Maybe first-time writer-director Larysa Kondracki’s lack of experience is to blame for the fact that the film itself wasn’t as gripping as it could and should have been (though the script was certainly well-researched), but I think she should still be applauded for the performance she got out of Ms. Weisz, or at the very least the performance she didn’t get in the way of this great actress delivering. Because this whole film is one big and incredible Rachel Weisz show, it’s a truly bracing performance, emotionally connected to her very core to the story she was telling, the quiet intensity she brings to the role of Kathryn as she witnesses all of these horrible events is tremendous to watch unfold.
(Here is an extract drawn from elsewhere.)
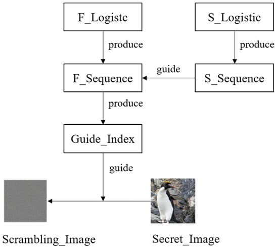 The Logistic chaotic mapping is expressed in Equation (3), where the control parameter μ ranges between (0, 4], but when the value range is within the interval of (3.5699456, 4], it enters the chaotic state [36]. We utilized the logistic chaotic map twice with different parameters to generate random sequences. As we can see in Figure 4, initially, using the Logistic chaotic mapping (F_Logistic) to generate a chaotic sequence (F_Sequence) of the same size as the sub-image for reordering, the position index of each element in this ordered sequence is calculated based on the original chaotic sequence. Subsequently, we used Logistic chaotic mapping (S_Logistic) again with distinct control parameters and initial values to generate four copies of the sequence (S_Sequence) for reordering, each having a quarter of the length of F_Sequence. Calculations are performed to obtain the position index of each element in the ordered sequence, guiding the reordering of F_Sequence sequentially to intensify its disorder. Finally, Guide_Index is acquired and utilized as guidance to determine the pixel positions of the sub-image to be scrambled.

Because horrible is the right word for all that she sees, and the film does a neat job at not shying away from that, showing Kathryn going to these clubs where underage girls were exhibited, threatened and eventually sold to people who would do as they pleased with them, and Ms. Kondracki really does deliver a few sequences that are definitely a bit hard to watch. And it’s good, it really is, the fact that I keep saying that I didn’t love this film as much I could have doesn’t come from the fact that it had elements I didn’t like, but from it missing some which I wanted it to have, it needed a quicker pace, it needed to have some sort of building tension that would really have made it be an excellent political thriller, instead of just a very good one.

I do recommend The Whistleblower quite a lot though, it may be missing a thing or two which I desperately wanted it to have, but the fact that I wanted so badly for it to be better while I watched came from the fact that there was so much already there that was playing so great. Especially the performances, the supporting cast includes the legendary Vanessa Redgrave, David Strathairn, Monica Bellucci and Benedict Cumberbatch, all seriously great actors. And then there’s Ms. Weisz, who made a great decision to play Kathryn not so much as a heroine, but just as a cop who still does her job by the book, and that approach did all the difference, as she churned one of the better performances in her already-outstanding resumé, she alone is more than worth the price of admission for this one.